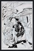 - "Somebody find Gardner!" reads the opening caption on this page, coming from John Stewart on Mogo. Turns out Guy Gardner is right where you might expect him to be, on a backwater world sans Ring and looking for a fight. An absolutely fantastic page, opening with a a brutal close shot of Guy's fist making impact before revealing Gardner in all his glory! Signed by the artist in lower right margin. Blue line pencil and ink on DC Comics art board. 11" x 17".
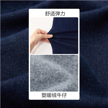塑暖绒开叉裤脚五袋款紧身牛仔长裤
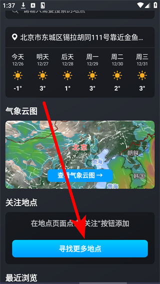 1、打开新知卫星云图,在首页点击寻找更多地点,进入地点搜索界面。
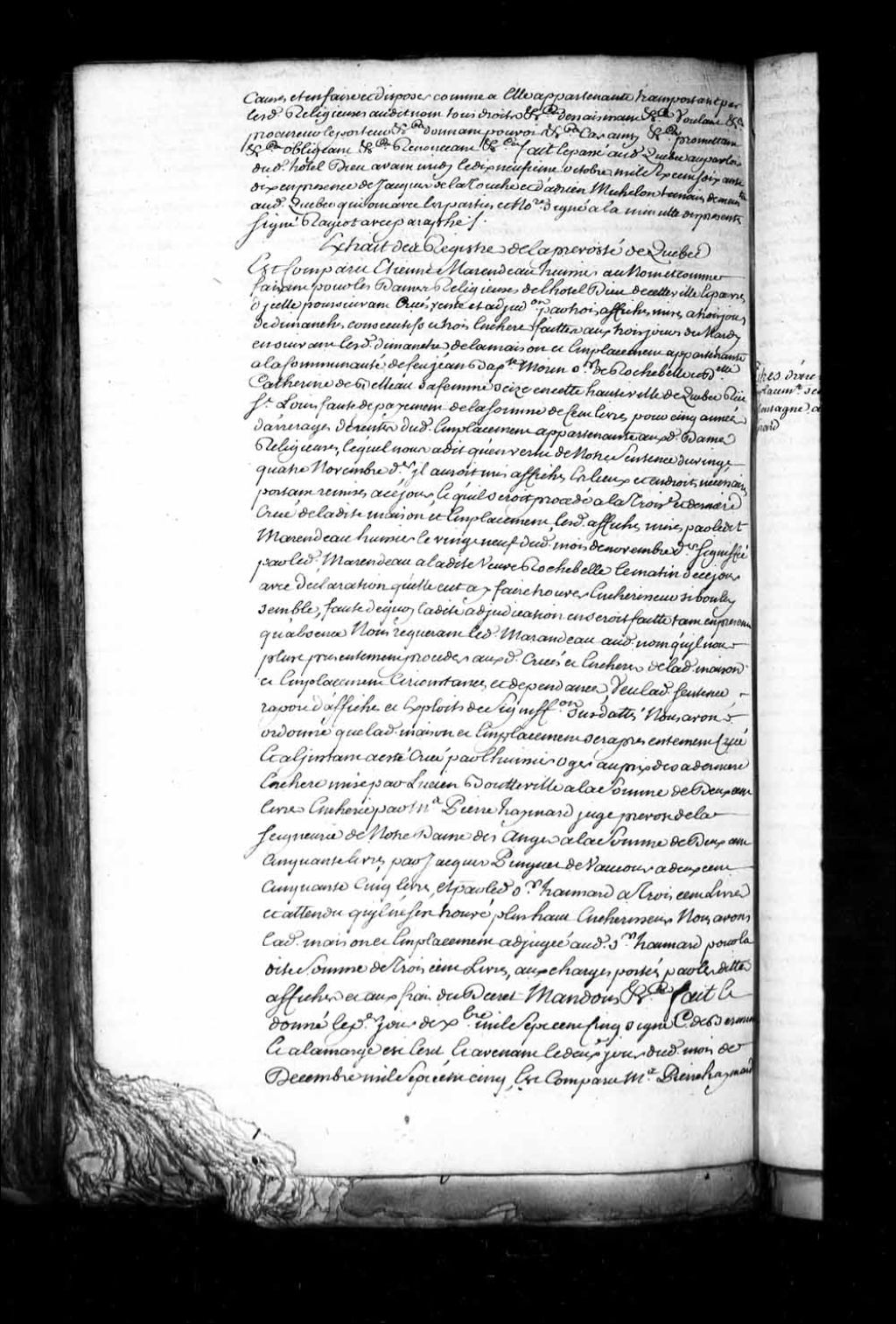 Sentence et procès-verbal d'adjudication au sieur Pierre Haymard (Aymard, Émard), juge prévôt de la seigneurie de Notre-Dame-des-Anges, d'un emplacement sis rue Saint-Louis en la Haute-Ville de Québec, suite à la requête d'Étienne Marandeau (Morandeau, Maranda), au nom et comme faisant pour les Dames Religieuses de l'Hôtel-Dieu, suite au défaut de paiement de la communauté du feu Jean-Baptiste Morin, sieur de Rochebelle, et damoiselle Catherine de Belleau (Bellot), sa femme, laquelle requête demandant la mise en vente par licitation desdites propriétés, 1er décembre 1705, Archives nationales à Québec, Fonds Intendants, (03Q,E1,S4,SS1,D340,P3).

^^^^^^^^^^^^^^^^

▶ [EXERCISE]: Transcribe the data word for word, with no images.

▶ [WRITTEN REPLY]:
 - "Somebody find Gardner!" reads the opening caption on this page, coming from John Stewart on Mogo. Turns out Guy Gardner is right where you might expect him to be, on a backwater world sans Ring and looking for a fight. An absolutely fantastic page, opening with a a brutal close shot of Guy's fist making impact before revealing Gardner in all his glory! Signed by the artist in lower right margin. Blue line pencil and ink on DC Comics art board. 11" x 17".
塑暖绒开叉裤脚五袋款紧身牛仔长裤
 1、打开新知卫星云图,在首页点击寻找更多地点,进入地点搜索界面。
 Sentence et procès-verbal d'adjudication au sieur Pierre Haymard (Aymard, Émard), juge prévôt de la seigneurie de Notre-Dame-des-Anges, d'un emplacement sis rue Saint-Louis en la Haute-Ville de Québec, suite à la requête d'Étienne Marandeau (Morandeau, Maranda), au nom et comme faisant pour les Dames Religieuses de l'Hôtel-Dieu, suite au défaut de paiement de la communauté du feu Jean-Baptiste Morin, sieur de Rochebelle, et damoiselle Catherine de Belleau (Bellot), sa femme, laquelle requête demandant la mise en vente par licitation desdites propriétés, 1er décembre 1705, Archives nationales à Québec, Fonds Intendants, (03Q,E1,S4,SS1,D340,P3).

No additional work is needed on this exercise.